## Directions
Your copy should start at the line with "カスタムフォトボクサーパンツ" and end at the line with "Assortment of raspberries" in the data below. Transcribe only those lines, exactly, pictures excluded.

## Provided material
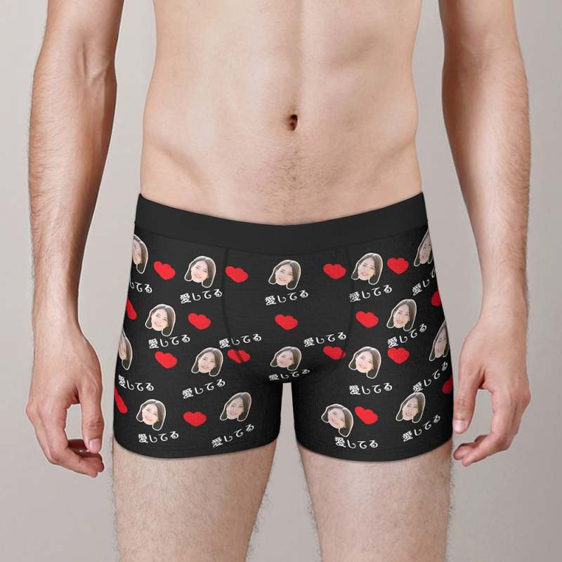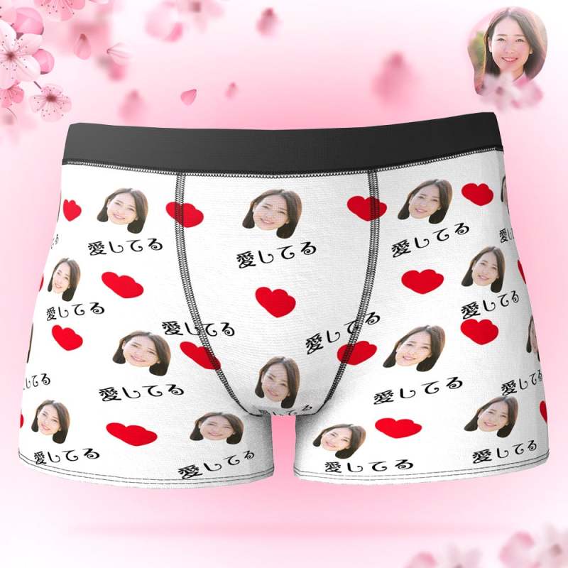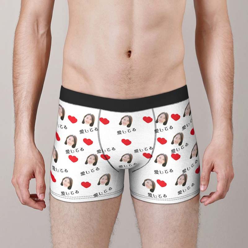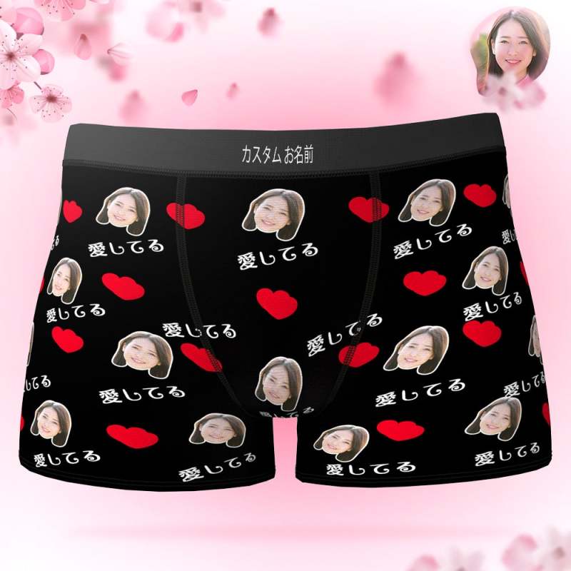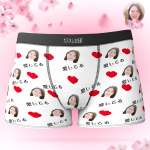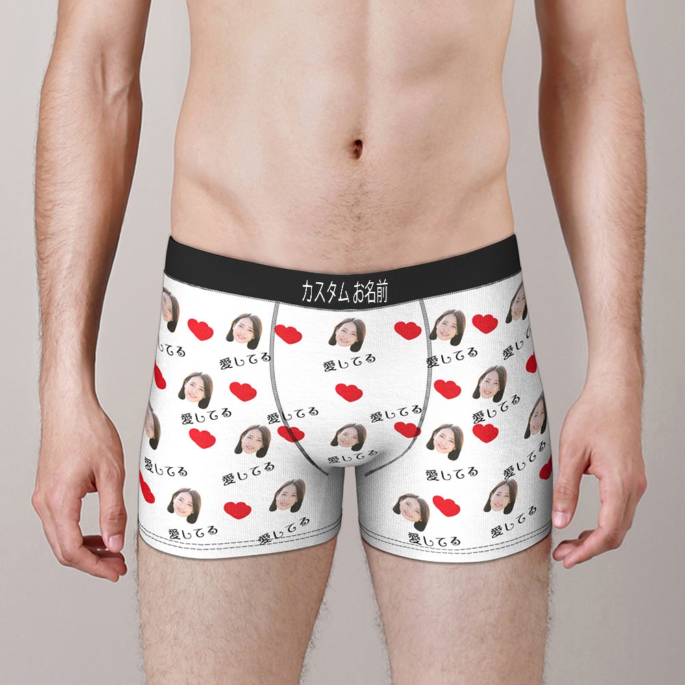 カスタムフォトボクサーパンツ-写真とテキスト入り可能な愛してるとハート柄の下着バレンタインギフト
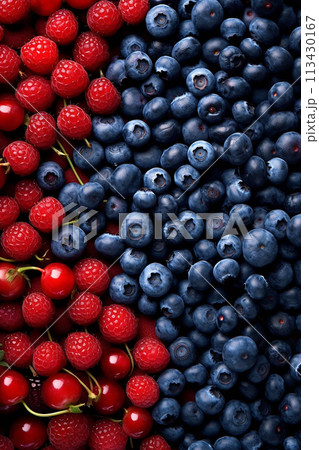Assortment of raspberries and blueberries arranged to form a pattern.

---

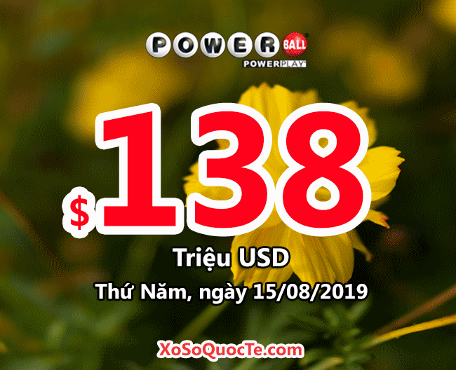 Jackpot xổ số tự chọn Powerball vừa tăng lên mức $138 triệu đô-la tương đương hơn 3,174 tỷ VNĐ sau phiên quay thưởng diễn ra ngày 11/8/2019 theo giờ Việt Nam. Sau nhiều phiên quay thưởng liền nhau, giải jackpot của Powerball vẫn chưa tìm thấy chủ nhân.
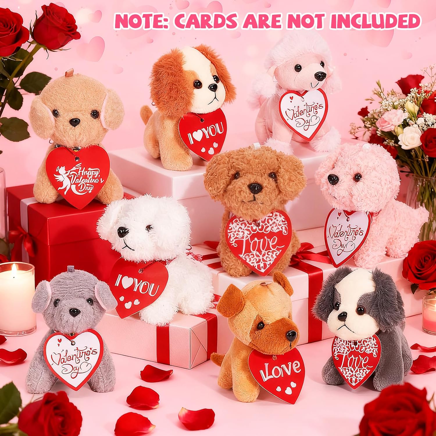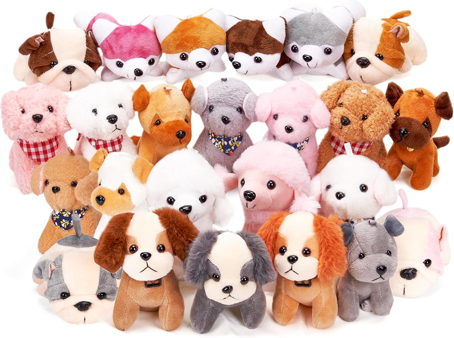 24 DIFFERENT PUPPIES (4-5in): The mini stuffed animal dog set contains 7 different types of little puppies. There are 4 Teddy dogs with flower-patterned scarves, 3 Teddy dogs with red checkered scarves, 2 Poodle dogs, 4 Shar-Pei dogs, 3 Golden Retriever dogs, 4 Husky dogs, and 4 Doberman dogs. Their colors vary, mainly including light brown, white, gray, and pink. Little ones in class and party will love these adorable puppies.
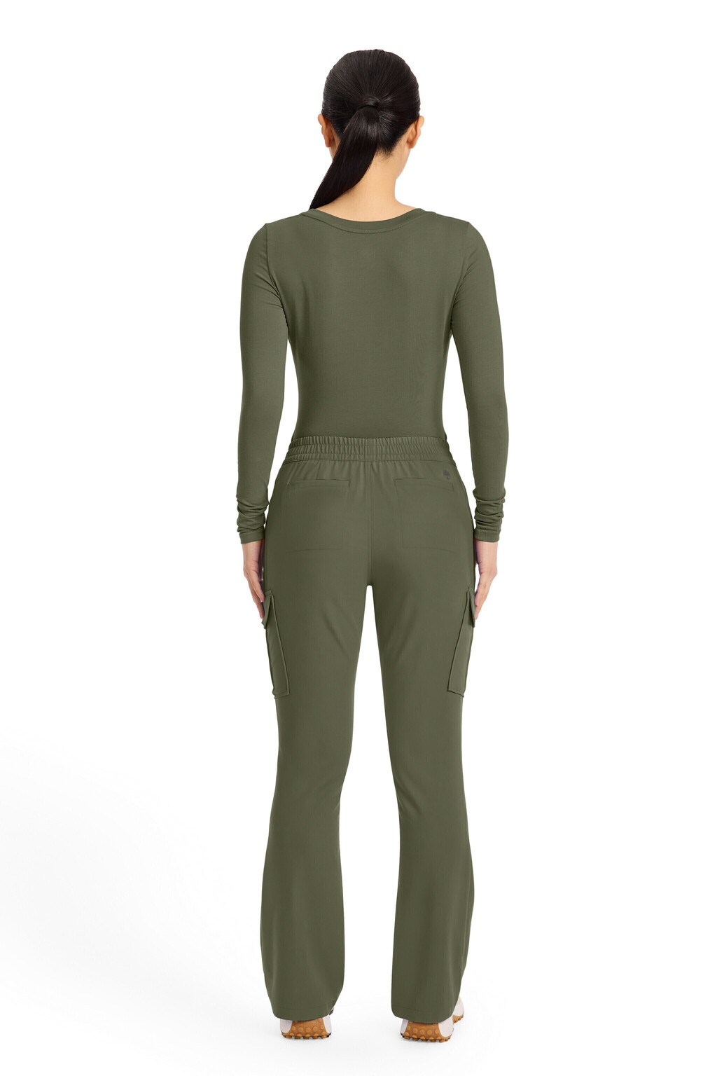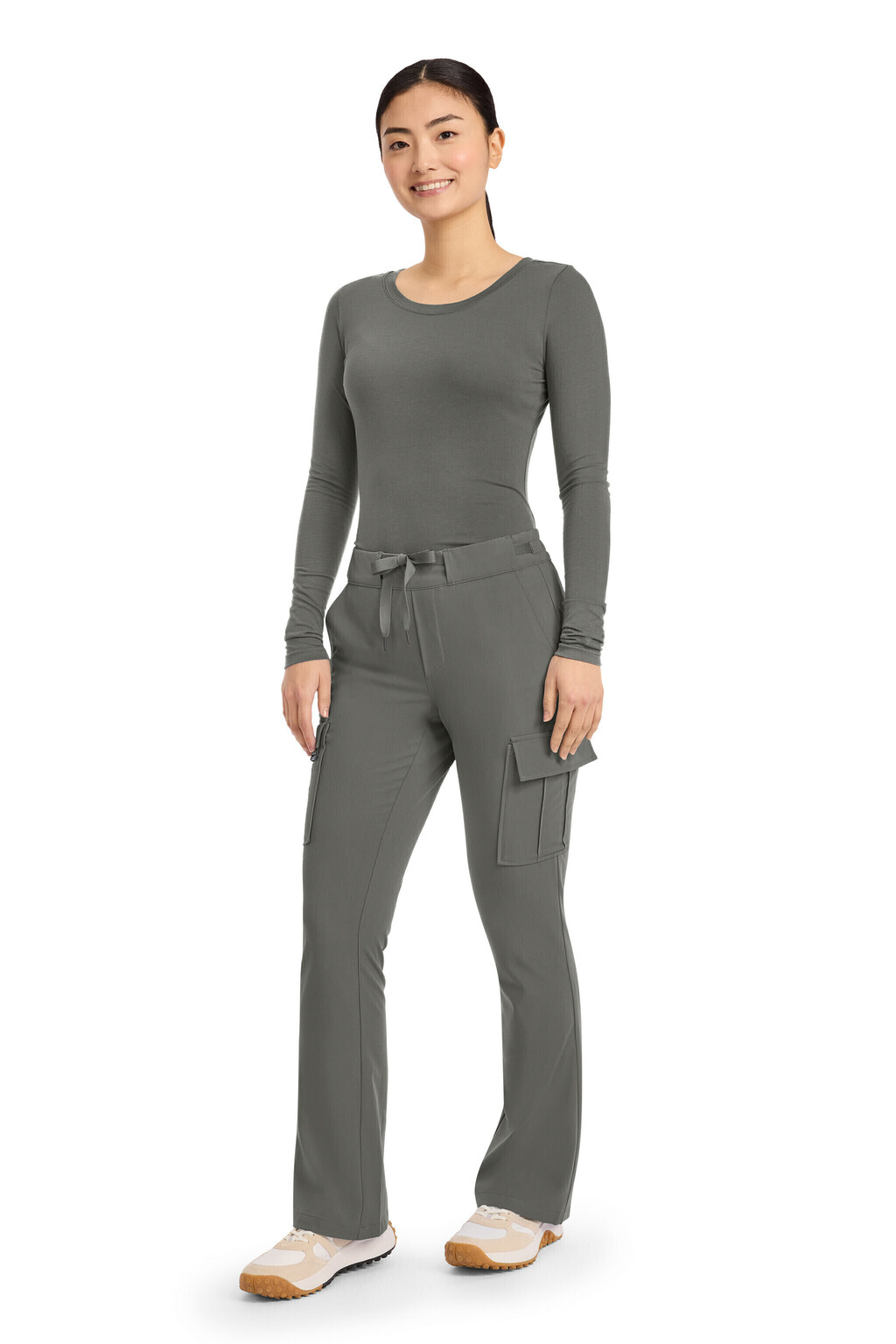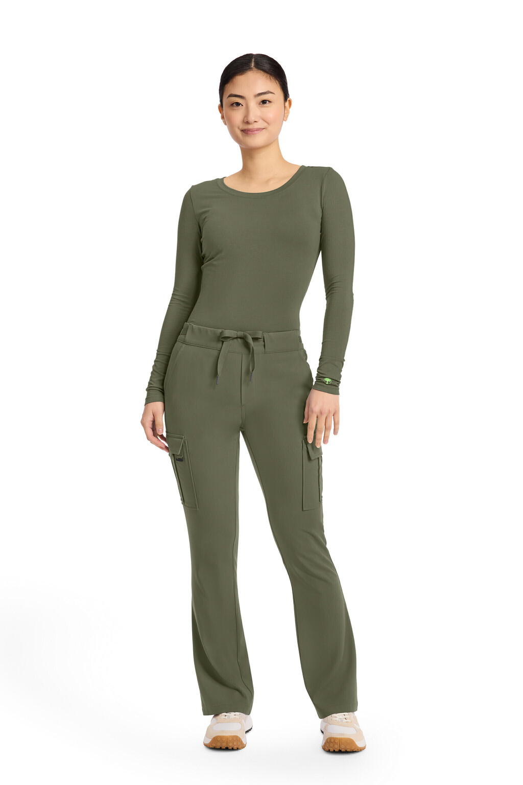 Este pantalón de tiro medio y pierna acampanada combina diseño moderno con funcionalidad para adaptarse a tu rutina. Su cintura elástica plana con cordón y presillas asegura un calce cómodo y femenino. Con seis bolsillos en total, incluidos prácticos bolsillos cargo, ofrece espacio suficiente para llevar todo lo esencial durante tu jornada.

## Solution
 カスタムフォトボクサーパンツ-写真とテキスト入り可能な愛してるとハート柄の下着バレンタインギフト
Assortment of raspberries and blueberries arranged to form a pattern.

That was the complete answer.